# Source data
.....

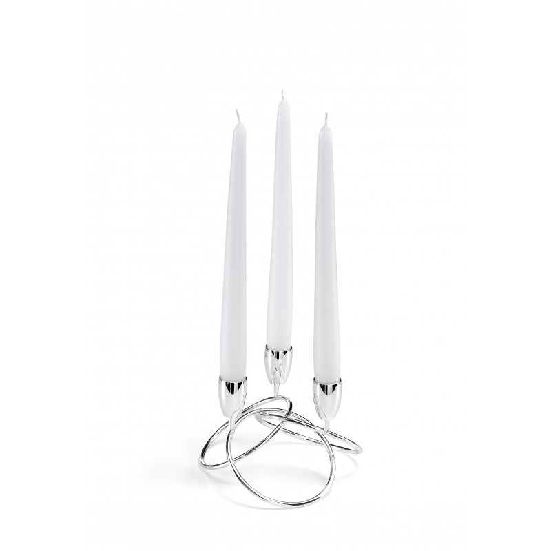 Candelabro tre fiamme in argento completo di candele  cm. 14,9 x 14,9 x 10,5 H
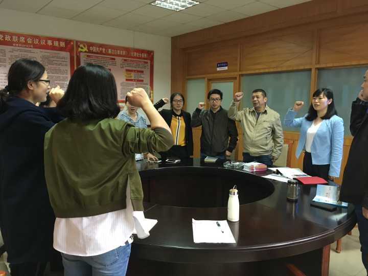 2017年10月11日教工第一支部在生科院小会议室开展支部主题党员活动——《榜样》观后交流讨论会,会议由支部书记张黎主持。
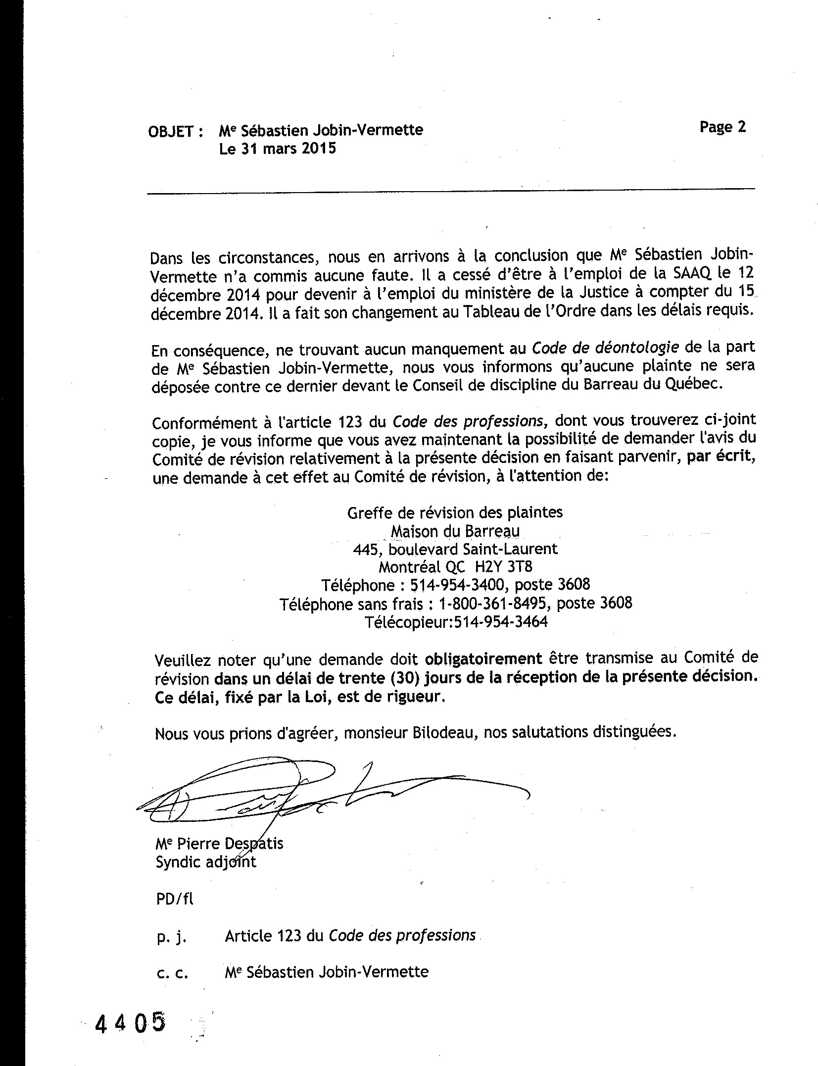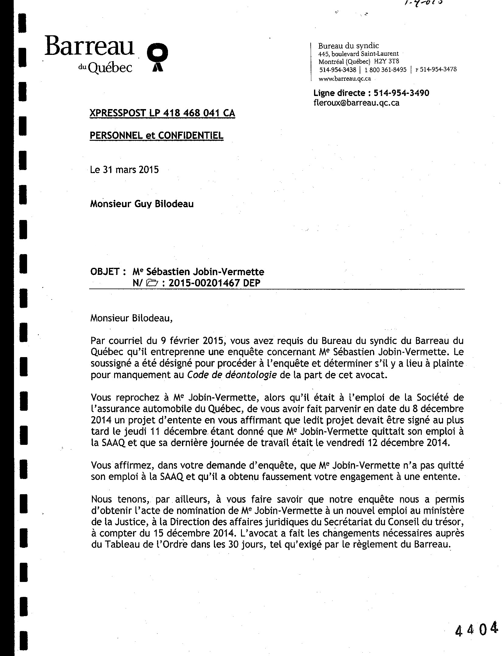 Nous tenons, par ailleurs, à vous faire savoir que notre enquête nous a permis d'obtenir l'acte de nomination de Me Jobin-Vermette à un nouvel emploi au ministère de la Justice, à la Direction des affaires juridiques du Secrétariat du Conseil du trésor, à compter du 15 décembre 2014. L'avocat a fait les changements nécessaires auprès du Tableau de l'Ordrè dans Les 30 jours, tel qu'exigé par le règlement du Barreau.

.....

# What you should do
Print the full listing exactly, dropping the pictures.

# Answer to this problem
 Candelabro tre fiamme in argento completo di candele  cm. 14,9 x 14,9 x 10,5 H
 2017年10月11日教工第一支部在生科院小会议室开展支部主题党员活动——《榜样》观后交流讨论会,会议由支部书记张黎主持。
 Nous tenons, par ailleurs, à vous faire savoir que notre enquête nous a permis d'obtenir l'acte de nomination de Me Jobin-Vermette à un nouvel emploi au ministère de la Justice, à la Direction des affaires juridiques du Secrétariat du Conseil du trésor, à compter du 15 décembre 2014. L'avocat a fait les changements nécessaires auprès du Tableau de l'Ordrè dans Les 30 jours, tel qu'exigé par le règlement du Barreau.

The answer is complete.